Por fim, se as instituições policiais querem de fato adotar política de recursos humanos com base numa gestão por competência, que implantem definitivamente carreira única para o ingresso na carreira. Valorizem, pois, os profissionais de nível superior que já existem em seus quadros, dando-lhes essa justa injeção de ânimo e a motivação necessária para buscar a excelência em suas atividades.
Ao contrário do que comumente se alega em desfavor da ascensão funcional, esse modelo de estruturação da carreira não cerceará quaisquer direitos dos que porventura queiram ingressar na instituição. Se almejarem um dia exercer a atividade policial, que ingressem democraticamente “por baixo”, e com humildade progridam na carreira, pari passu com seus esforços e merecimentos.
(*) Luciano Porciuncula Garrido é Psicólogo, Agente de Polícia Civil e Especialista em Segurança Pública e Direitos Humanos; ex-policial militar; exerceu cargo de psicólogo forense no Tribunal de Justiça do Distrito Federal e cargo de psicólogo clínico no Hospital Universitário de Brasília; é membro do Instituto Millenium. E-mail: garrido1974@gmail.com
(1) Ver Mal-Estar na Segurança Pública (Luciano Porciuncula Garrido & George Felipe de Lima Dantas)

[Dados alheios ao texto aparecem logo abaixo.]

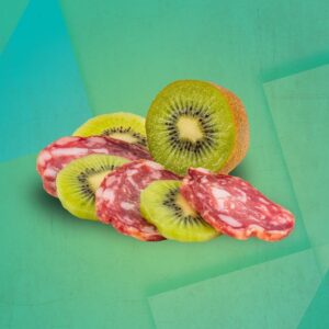- Abbinamenti scientifici: integrare una quantità adeguata di proteine – derivate per esempio dai salumi – e di fibra asssunta grazie alla frutta può aiutare quindi a mantenere la sazietà e a ridurre il consumo di alimenti ad alto contenuto calorico. L’abbinamento di salumi e frutta, come la Bresaola con le arance può offrire altre sinergie nutrizionali interessanti. Ad esempio, la vitamina C presente nella frutta può migliorare l’assorbimento del ferro presente nei salumi, poiché la vitamina C aiuta a convertire il ferro non eme in una forma più facilmente assorbibile dall’organismo. Oppure salame e kiwi dove le fibre presenti nella frutta possono aiutare a limitare l’assorbimento dei grassi derivati dai salumi, contribuendo alla regolarità intestinale.
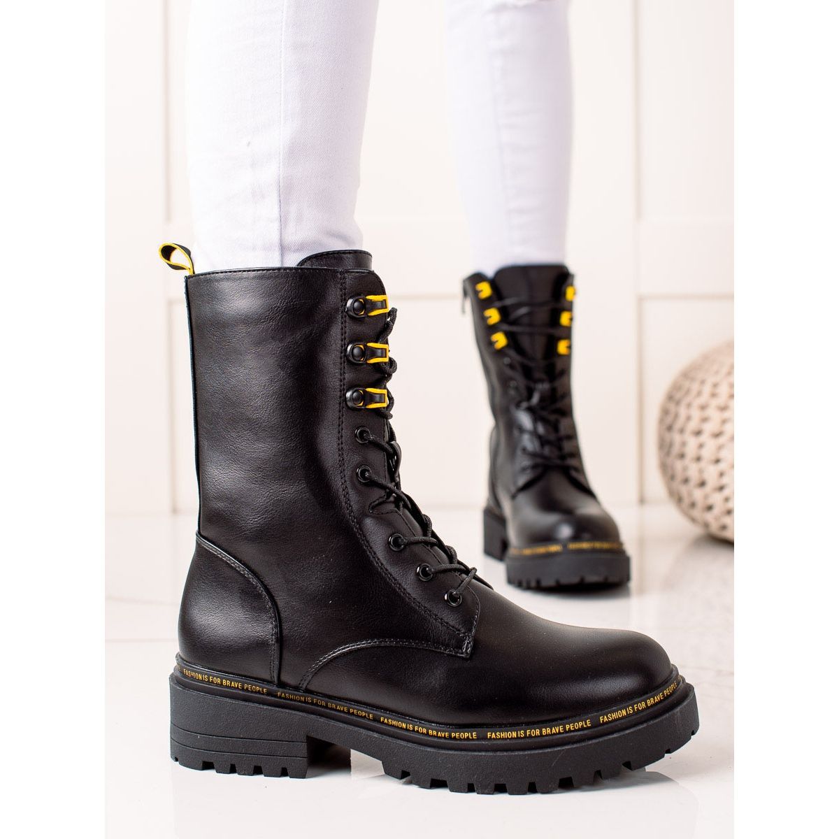 As botas Potocki pretas são equipadas com zíper e laço clássicos, que permitem fácil ajuste ao pé e calçamento confortável. Com salto plano de 5 cm de altura, apoiado adicionalmente por uma plataforma de 3 cm, estes sapatos combinam elegância com conforto de uso.

(2) Comportamento Organizacional, Stephen Robbins, 1998; Gestão de Pessoas Idalberto Chiavenato, 1999; Análise Ocupacional por Tarefas/Job Task Analysis — Jornal/Journal: Boletim Policial do FBI - Volume: 58 Edição:11/FBI Law Enforcement Bulletin - Volume:58 Issue:11 Datado de/Dated:(Novembro de 1989) (November 1989) Páginas/Pages:9-13 Autor(es)/Author(s): T J Jurkanin.
Luciano Garrido é nosso colega da Polícia Civil do DF e sempre colabora com esse BLOG, trazendo assuntos de relevância para a classe POLICIAL CIVIL, promovendo o debate e a reflexão inteligente sobre tais temas.